This paper addresses the long-standing absence of an algebraic theory for alternating parity automata (APAs) by establishing the first complete equational axiomatization for APA language equivalence over ω-regular languages. Methodologically, it introduces μν-syntax—based on right-linear guarded expressions—as an algebraic representation of APAs, and leverages the completeness of linear-time μ-calculus to structurally derive the equational theory; duality of right-linear guarded expressions is further introduced to uniformly characterize infinite behaviors. The main contributions are: (1) the first sound and complete equational axiom system for APA language equivalence; (2) the revelation of a deep algebraic correspondence between APAs and linear-time μ-calculus; and (3) a novel paradigm for algebraic modeling of infinite behaviors in formal verification.

Alternating parity automata (APAs) provide a robust formalism for modelling infinite behaviours and play a central role in formal verification. Despite their widespread use, the algebraic theory underlying APAs has remained largely unexplored. In recent work, a notation for non-deterministic finite automata (NFAs) was introduced, along with a sound and complete axiomatisation of their equational theory via right-linear algebras. In this paper, we extend that line of work, in particular to the setting of infinite words.
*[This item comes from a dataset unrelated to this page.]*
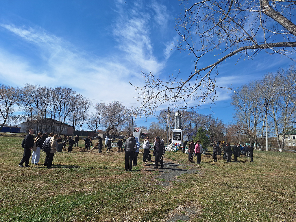 Волонтёры организовали патриотическую акцию «Благоустройство памятников погибшим односельчанам» по уборке и благоустройству памятника погибшим воинам в Великой Отечественной войне и прилегающей территории около памятника.
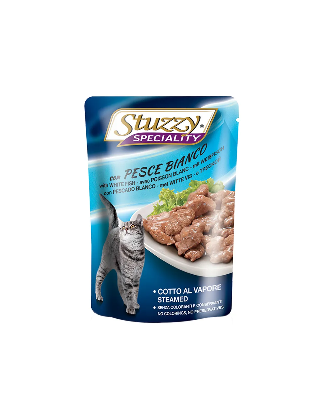 Les Sfilaccetti au poisson blanc de Stuzzy offrent à votre chat une recette complète et authentique, préparée avec du poisson de haute qualité et des ingrédients naturels. La cuisson lente rehausse les saveurs, rendant chaque bouchée irrésistible pour votre félin.

We present a dualised syntax, yielding a notation for APAs based on right-linear lattice expressions, and provide a natural axiomatisation of their equational theory with respect to the standard language model of {omega}-regular languages. The design of this axiomatisation is guided by the theory of fixed point logics; in fact, the completeness factors cleanly through the completeness of the linear-time {mu}-calculus.